__DATA RECORDS__
━━━━━━━━━━
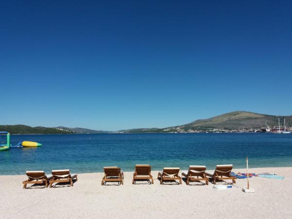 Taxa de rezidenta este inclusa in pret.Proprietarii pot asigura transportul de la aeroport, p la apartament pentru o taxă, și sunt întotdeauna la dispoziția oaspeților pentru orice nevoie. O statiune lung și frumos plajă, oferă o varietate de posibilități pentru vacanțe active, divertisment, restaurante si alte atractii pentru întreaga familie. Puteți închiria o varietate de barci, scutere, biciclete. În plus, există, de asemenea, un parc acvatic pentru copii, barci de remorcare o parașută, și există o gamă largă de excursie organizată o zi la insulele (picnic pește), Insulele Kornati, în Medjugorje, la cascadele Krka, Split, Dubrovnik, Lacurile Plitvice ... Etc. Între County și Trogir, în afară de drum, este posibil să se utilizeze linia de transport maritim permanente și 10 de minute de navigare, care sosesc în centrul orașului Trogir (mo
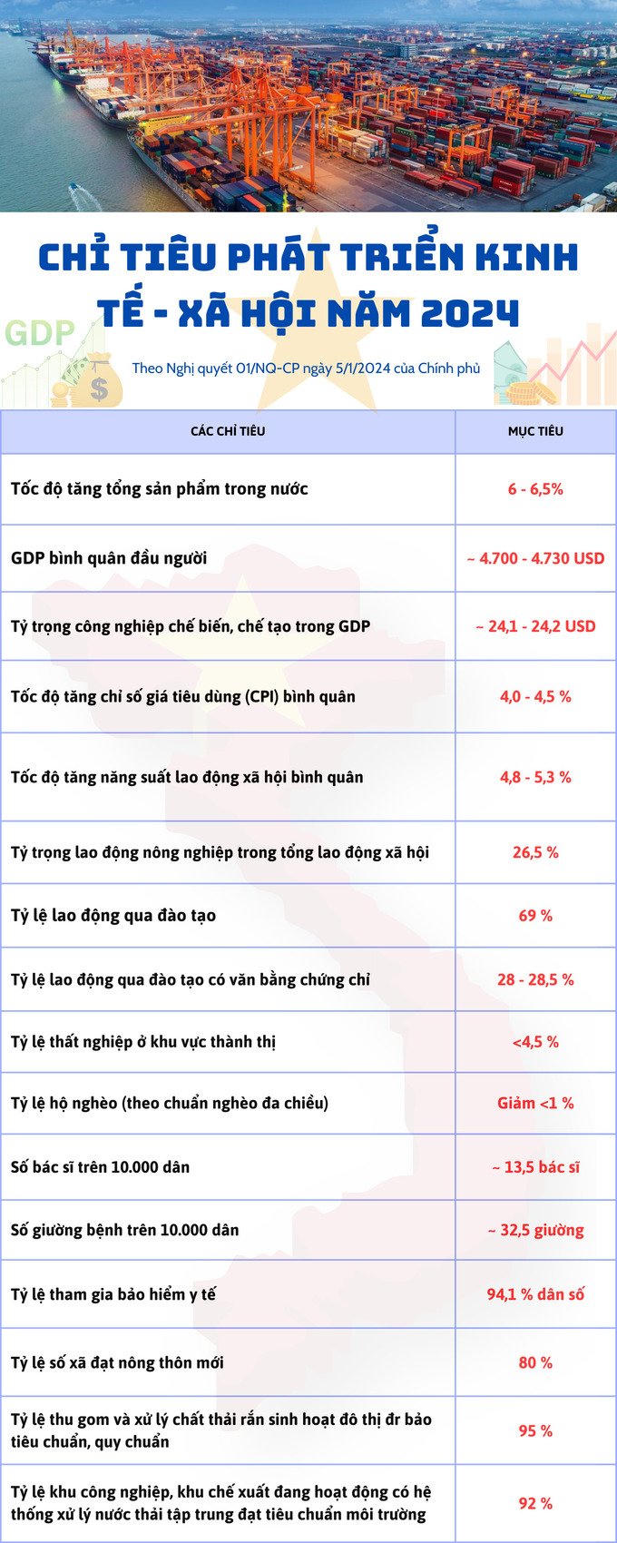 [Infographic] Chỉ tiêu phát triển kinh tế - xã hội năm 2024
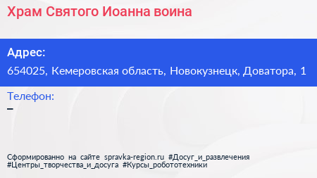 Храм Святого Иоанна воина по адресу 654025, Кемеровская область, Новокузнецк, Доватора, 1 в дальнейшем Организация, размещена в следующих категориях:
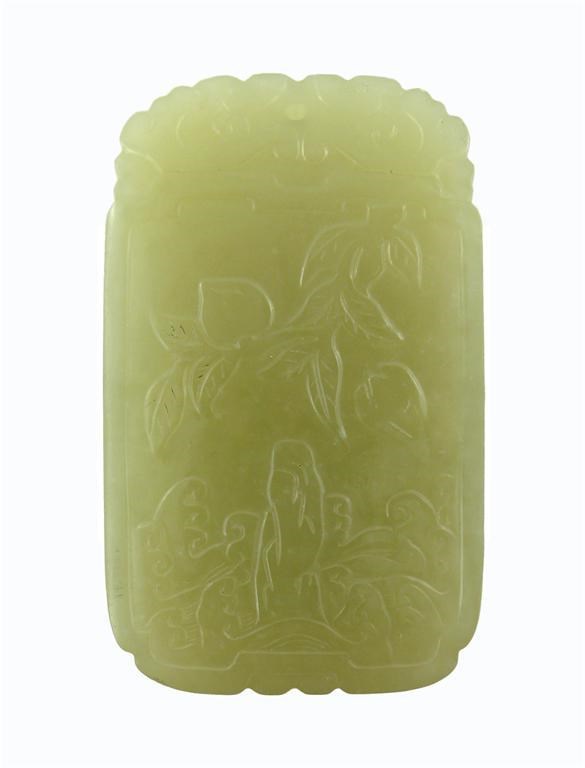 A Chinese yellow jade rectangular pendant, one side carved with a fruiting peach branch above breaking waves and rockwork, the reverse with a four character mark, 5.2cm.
━━━━━━━━━━
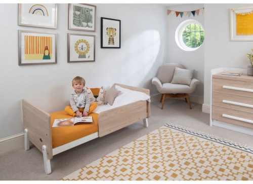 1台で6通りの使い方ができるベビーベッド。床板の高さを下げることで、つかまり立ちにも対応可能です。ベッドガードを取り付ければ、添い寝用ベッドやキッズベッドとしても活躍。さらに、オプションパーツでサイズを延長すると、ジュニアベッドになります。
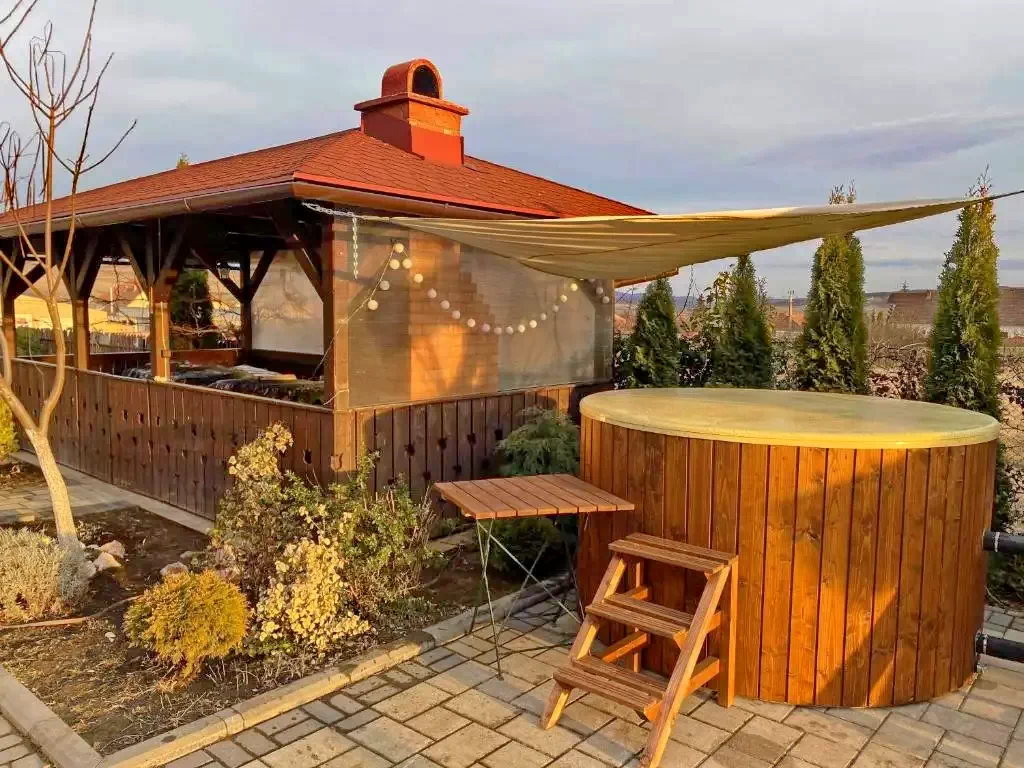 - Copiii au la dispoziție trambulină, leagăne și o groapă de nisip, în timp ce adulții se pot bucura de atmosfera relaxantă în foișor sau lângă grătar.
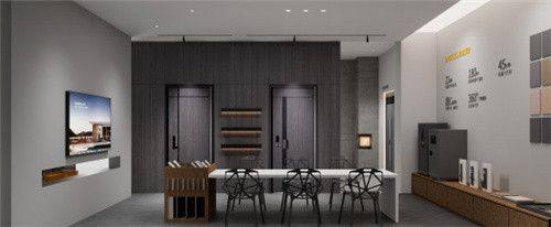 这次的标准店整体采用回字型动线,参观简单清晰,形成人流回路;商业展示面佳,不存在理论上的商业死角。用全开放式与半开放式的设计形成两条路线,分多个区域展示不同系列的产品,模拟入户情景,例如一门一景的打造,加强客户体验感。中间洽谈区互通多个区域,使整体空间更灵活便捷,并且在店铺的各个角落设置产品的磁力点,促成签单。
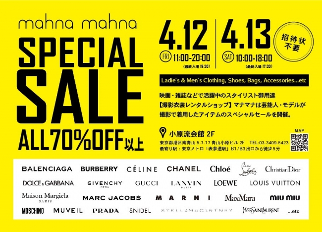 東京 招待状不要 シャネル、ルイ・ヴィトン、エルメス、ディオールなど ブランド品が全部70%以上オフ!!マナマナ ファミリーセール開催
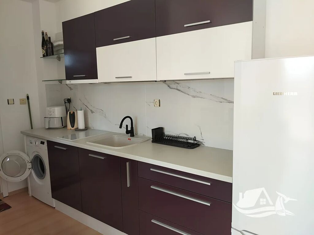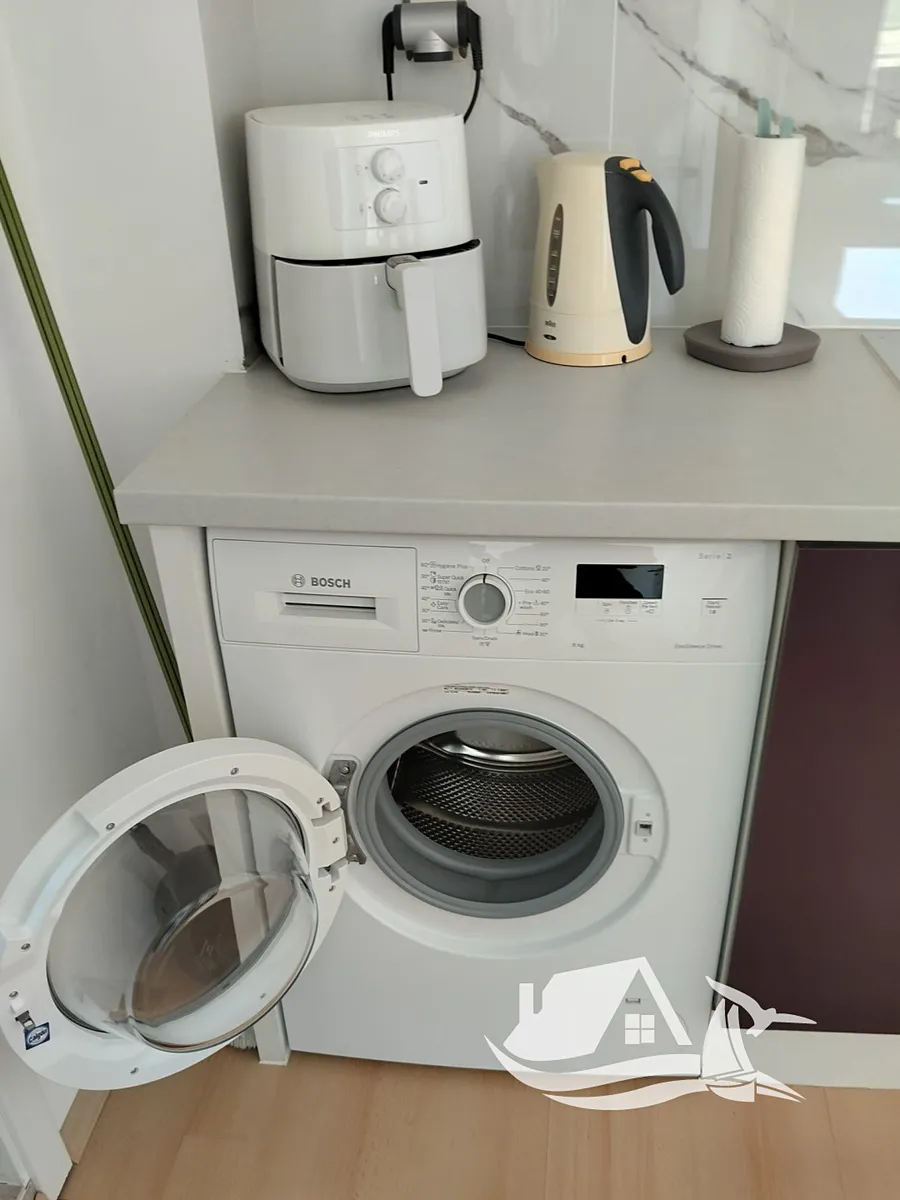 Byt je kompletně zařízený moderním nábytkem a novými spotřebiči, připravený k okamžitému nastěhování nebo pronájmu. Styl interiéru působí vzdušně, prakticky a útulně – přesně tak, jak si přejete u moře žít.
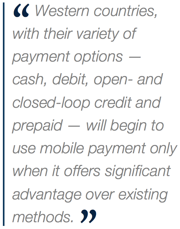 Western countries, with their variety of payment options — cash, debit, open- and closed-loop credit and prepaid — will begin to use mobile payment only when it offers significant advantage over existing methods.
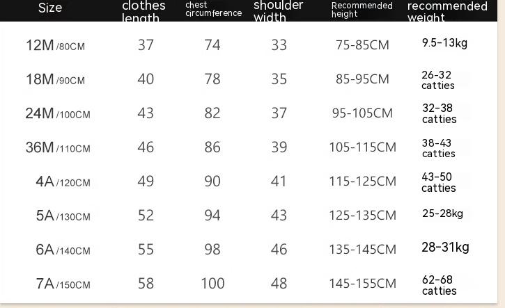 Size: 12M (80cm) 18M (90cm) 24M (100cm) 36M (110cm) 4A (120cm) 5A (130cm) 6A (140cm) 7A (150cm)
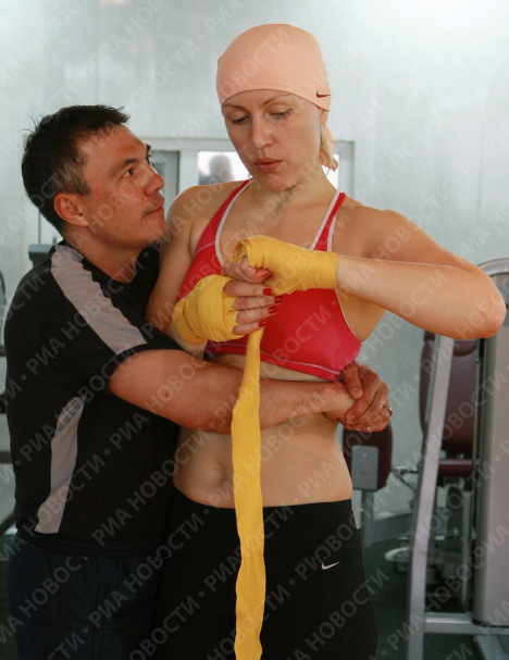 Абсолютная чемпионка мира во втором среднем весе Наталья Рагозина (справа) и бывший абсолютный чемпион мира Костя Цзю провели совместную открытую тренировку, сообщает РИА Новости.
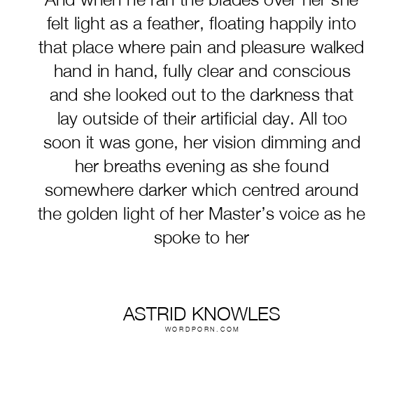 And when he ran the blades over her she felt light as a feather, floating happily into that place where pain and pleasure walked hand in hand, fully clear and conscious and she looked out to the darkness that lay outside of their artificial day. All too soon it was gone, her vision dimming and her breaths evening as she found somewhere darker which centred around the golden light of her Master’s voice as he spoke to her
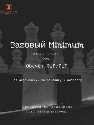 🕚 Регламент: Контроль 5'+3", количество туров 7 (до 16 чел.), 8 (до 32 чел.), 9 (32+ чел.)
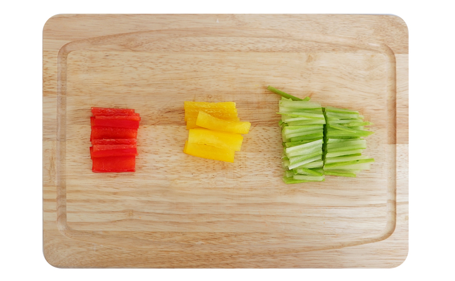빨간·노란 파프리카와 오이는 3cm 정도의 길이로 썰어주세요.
━━━━━━━━━━
An exact transcription is needed of the lines from the one with "[Infographic] Chỉ tiêu" to the one with "A Chinese yellow" above, both ends included, with pictures left out.

__RESPONSE TO THE EXERCISE__
 [Infographic] Chỉ tiêu phát triển kinh tế - xã hội năm 2024
 Храм Святого Иоанна воина по адресу 654025, Кемеровская область, Новокузнецк, Доватора, 1 в дальнейшем Организация, размещена в следующих категориях:
 A Chinese yellow jade rectangular pendant, one side carved with a fruiting peach branch above breaking waves and rockwork, the reverse with a four character mark, 5.2cm.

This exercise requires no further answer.